La celebración de Corpus Christi en el Santuario Jesús Sacramentado se vivió con profunda devoción y alegría, reuniendo a fieles en una jornada marcada por la fe y el encuentro comunitario. La comunidad se congregó para preparar el templo y las calles aledañas, adornadas con alfombras de flores y motivos eucarísticos, símbolo del amor y la creatividad puestos al servicio de Jesús presente en la Eucaristía.
Niños, jóvenes y adultos acompañaron a Jesús Sacramentado con cantos, globos, pétalos de flores y gestos de adoración, manifestando públicamente su fe y su deseo de llevar la presencia de Cristo a todos los rincones de la comunidad.
En su homilía, Mons. García Cuerva reflexionó: “Nos acercamos a la mesa de Jesús porque todos necesitamos ser curados por Él, nos acercamos a comulgar los más pecadores ”. y añadió: “Venimos a la mesa porque, igual que aquella multitud, necesitamos ser curados”.

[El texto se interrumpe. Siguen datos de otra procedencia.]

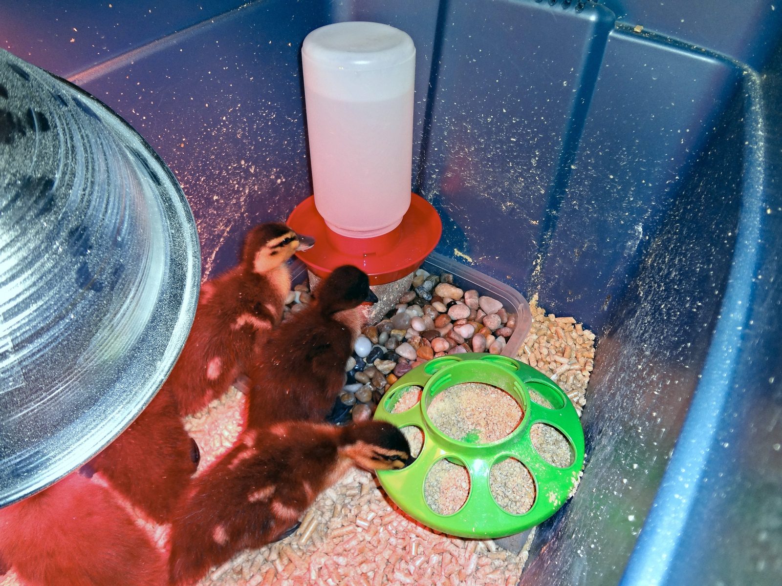 The little duckies are growing at a nice rate. I had to upgrade their "house" from the 20 gal tote to a 35 gal one. Hopefully that'll last them another week or so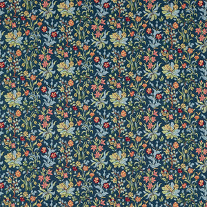 Beguiling, jewel-like colours bring to life a startling array of meadow flowers set against a deep midnight indigo. A design of incredible detail and beauty, Flowers By May originally adorned the seat of a 17th century chair which once stood in the library of William Morris. Residing since his death in the home of his friend, neighbour and noted typographer, Sir Emery Walker, May Morris created the covered cushion with the dedication MM to EW. Flowers By May is a story about the creativity friendship can inspire, spanning even generations.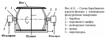 Барабанний вакуум-фільтр з зовнішньою фільтруючою поверхнею (рис. 4.11) складається з барабана 1, порожнистих цапф 2, розподільних головок 3, ванни 4. Вертикальна перегородка 5 ділить барабан на дві ізольовані одна від одної половини. Внутрішня порожнина барабана в радіальному напрямку розділена на секції, кожна з яких з’єднана трубами з розподільною головкою. Фільтруюча тканина на поверхні барабана закріпляється сталевим дротом. Процес фільтрування проходить в описаному порядку.

Como parte de su reflexión añadió: “Venimos a la mesa de Jesús a cargarnos de esperanza, porque frente a los problemas no podemos ser una queja constante” y siguió diciendo “Jesús los mira y los anima a compartir, que lindo sentirnos comunidad. No vivimos la Eucaristía a título privado”.
Como conclusión enfatizó: “Comulgamos aquí para salir a compartir al Señor, no tengan miedo, no se acaba nunca. Que Jesús los anime en la esperanza y alegría, que sigan construyendo comunidad”. La jornada concluyó con la bendición eucarística, dejando en los corazones de los presentes la certeza de que Jesús camina junto a su pueblo y sigue siendo fuente de vida y esperanza para todos.